Executive director for Aerojet's Southeast Space Operations division

Arthur Eugene "Gene" Goldman (born November 10, 1953) is the executive director for Aerojet's Southeast Space Operations division. Before retiring from NASA in August 2012, he last served as acting director of the Marshall Space Flight Center located in Huntsville, Alabama. He was appointed as acting director effective March 5, 2012, following the promotion of the previous director, Robert M. Lightfoot, Jr., to Acting Associate Administrator of NASA.

Goldman earned a bachelor's degree in civil engineering from Mississippi State University in 1977. Goldman joined NASA in 1990 as a project engineer in the Marshall Shuttle Project Integration Office.

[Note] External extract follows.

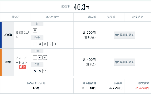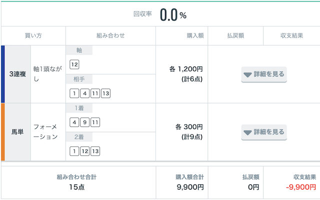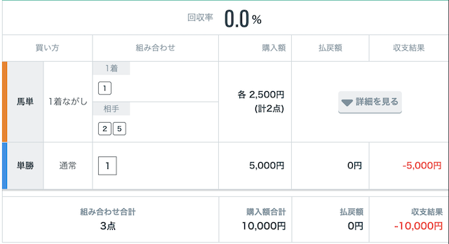 | 馬券収支 | ◯ | ◯ | ◯ | ◯ |
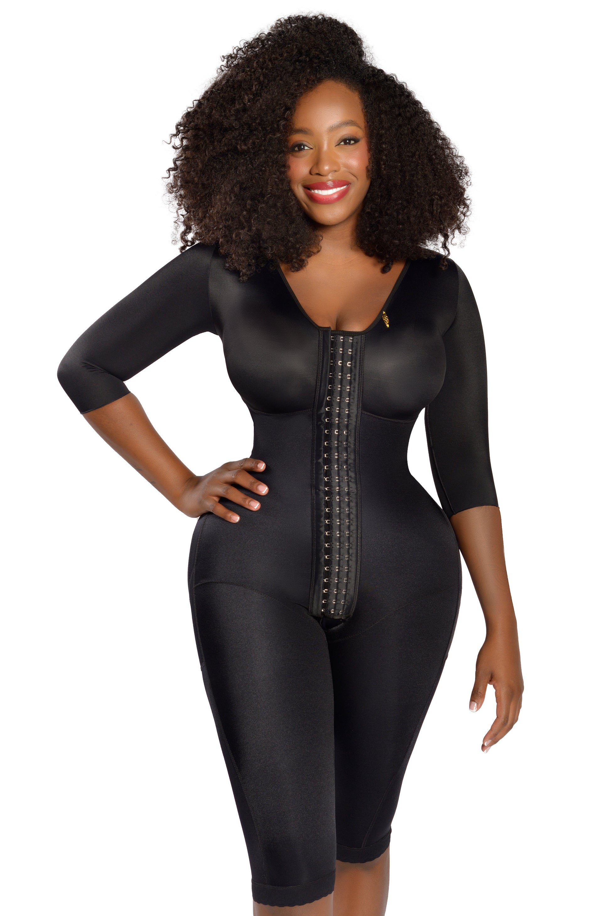 Faja de primera etapa con compresión media a alta, ideal para las primeras dos semanas postoperatorias después de una BBL o liposucción. Diseñada para cuerpos con una diferencia de 10 pulgadas o más entre la cintura y la cadera para un mejor ajuste. Incluye bra y mangas integradas, recomendada para pacientes con liposucción en brazos o reducción/aumento de busto. Brinda cobertura y soporte completo en la espalda, ayudando a reducir la inflamación y a mantener la forma. La pierna larga llega hasta la rodilla, ayudando a reducir la inflamación si se realizó liposucción en las piernas. Cuenta con tres filas de broches para un ajuste regulable y cierre inferior para facilitar el uso del baño. Fabricada de lycra. El dije no viene reforzado para que pueda retirarse fácilmente si se desea.

Goldman currently serves as the BWXT Director of NASA Programs.

==Awards and honors==
Over the course of Goldman's NASA career, he has been honored multiple times for his work with the agency. In 2002, he was awarded the NASA Exceptional Achievement Medal for "advocacy of small business". In 2007, he received the NASA Outstanding Leadership Medal for his work as main engine project manager for the Space Shuttle program. In 2010, he was presented the Presidential Rank Award for "sustained extraordinary accomplishment" with NASA. Goldman was inducted into the Meridian Community College Hall of Fame in 2010 for career achievement.

==After NASA==
On July 9, 2012, Aerojet announced that Goldman would be leaving NASA on August 3, 2012, to become the executive director for its Southeast Space Operations division effective August 6, 2012. Marshall's associate director for management, Robin Henderson, replaced Goldman as acting director of the center.